One of the things I believe is necessary is to expand the number of topics or disciplines we are trying to teach. For example, we now have three different major programs that we have created. One covers the nature of complex sales cycles: what really goes on in these sales cycles, what we can anticipate, and how we operate based on that.
Another focuses on the psychological factors and is called “why we buy.” It attempts to identify the primary psychological factors and how they are all interrelated to why people make decisions, not only in buying but everyday affairs.
The third is called the Human Rubik’s Cube, which analyzes human temperament and basic behavior styles. Again, we analyze this using the writings and the teachings from the best teachers the world has ever known.
What I’ve Learned
Lessons in Software
From Tom Nies
1.
“You need to focus on unsatisfied demand: what is it in the marketplace that customers really want but is not yet satisfied.”
2.
“Don’t try to outdo what has already been done, because you’re already at a disadvantage.”
3.
“You need the desire to compete. The desire to win is a strong motivation. If people don’t have the desire to compete and to win, they never go anywhere.”
Let’s talk about reading for a moment. First of all, if we say knowledge is power, we have to recognize that knowledge is built on information. The more information you have and are able to absorb, digest, and understand, the more knowledgeable you can become. And the more knowledgeable you can become the more powerful you can become.
I read everything imaginable because I realize that there are an unlimited number of things that I don’t know or have no realization of. I constantly try to expand my knowledge base—my reference base—and obtain an understanding of them in my own mind. Then I communicate them to our people in various papers, articles, essays, and courses.
Many people are not in the habit of reading. Not everyone has the desire to significantly improve one’s self. Not everybody has that. It can be difficult to put that motivation inside of people if it doesn’t already exist. We try to make the material available to the people that do have the desire to better themselves.

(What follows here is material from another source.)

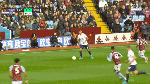 공이 날아오는 중인데 순식간에 고개 돌려 손흥민 위치 파악하고 머리로 패스ㄷㄷ 손흥민도 대단한 게 낌새 보고 바로 침투 시작함
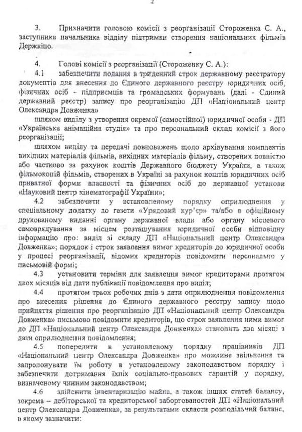 Согласно приказу Госкино, все фильмы из коллекции и имущество Довженко-Центра должны быть переданы Государственному учреждению "Научный центр кинематографии Украины", основным видом деятельности которого по данным ЕГРПОУ является "высшее образование". Из структуры Центра должно быть выделено Государственное предприятие "Украинская анимационная студия", которой будут переданы авторские права на украинскую анимацию, которые сейчас принадлежат Центру. Сотрудники Центра должны быть уведомлены о возможном увольнении.

Most of what is available for consumption today—whether it be TV, books, articles—it’s targeted to the bulk of the market, which is in the middle of the bell curve. The C student. If you perform as a C student in the marketplace, you consistently lose. Not occasionally, consistently. So it’s important to filter what’s out there and go to the narrow end of the bell curve and begin to teach the kind of things that A students are interested in.

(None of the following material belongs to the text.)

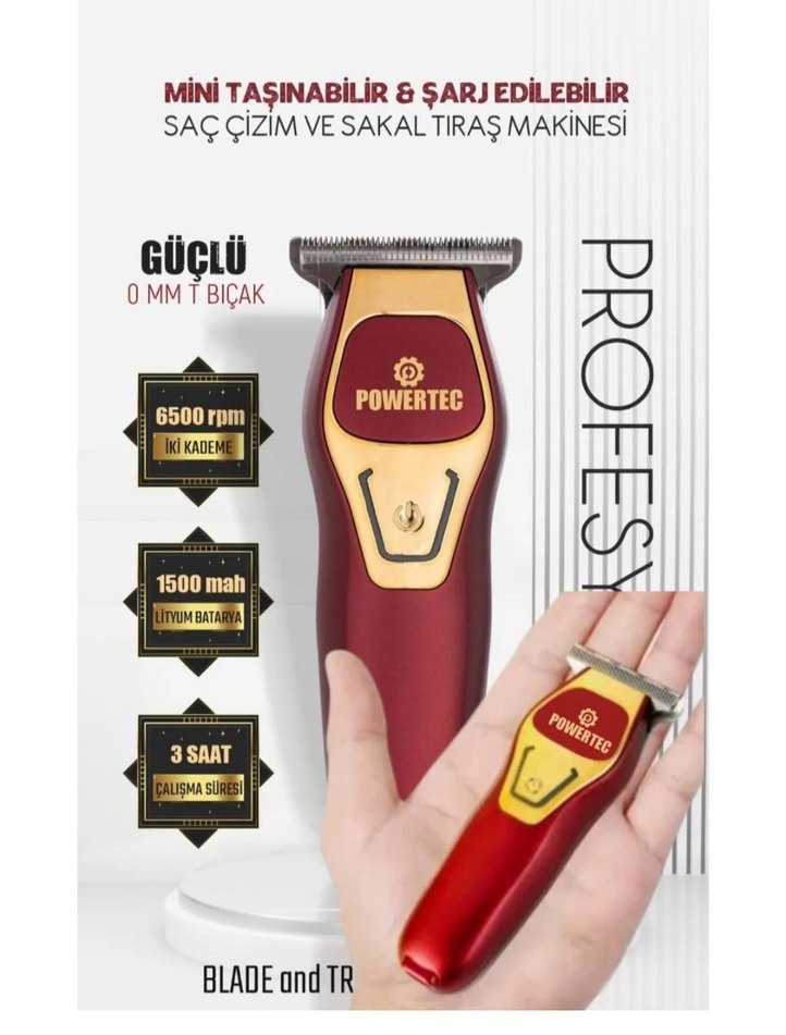 Renkli Powertec saç ve sakal tıraş makinesi 6500 rpm motor, 1500 mAh lityum batarya ve 3 saat çalışma süresi sunar. Güçlü 0 mm T bıçağa sahiptir, mini, taşınabilir ve şarj edilebilir. ✂️

But the grades that count are not As, Bs, and Cs: they are Ws and Ls. Wins and Losses. Did I win or did I lose? That’s what matters. That’s the way that great thinkers in every field think.

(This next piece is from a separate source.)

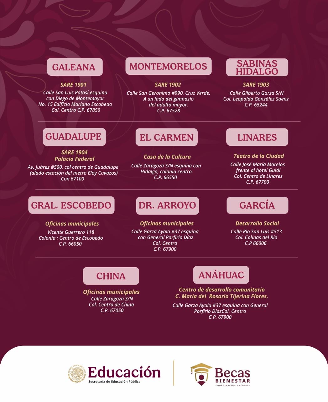 Por su parte, el coordinador estatal de Becas para el Bienestar en la entidad, Esteban Nevares, señaló que se han habilitado once oficinas en Nuevo León para brindar apoyo a quienes deseen realizar el trámite de manera presencial. Asimismo, indicó que el registro también puede efectuarse en línea a través del sitio oficial del programa que es: https://buscador.becasbenitojuarez.gob.mx/sedes-atencion/

When I was with IBM in 1964, we were attempting to install a new set of computers, but the software that was required to make those computers perform was not available and needed developing. And the customers were unhappy until we delivered the system they wanted, which was dependent on the software. What that experience helped me to see is that it wasn’t the computers that made the customers happy; it was the solutions that those computers delivered, and that the solutions were dependent on the software. I began to promote software because I thought it to be more important than hardware in the long run.
Forty years ago people asked, “Does this software run on our hardware.” Today they ask, “Is this hardware compatible with our software.”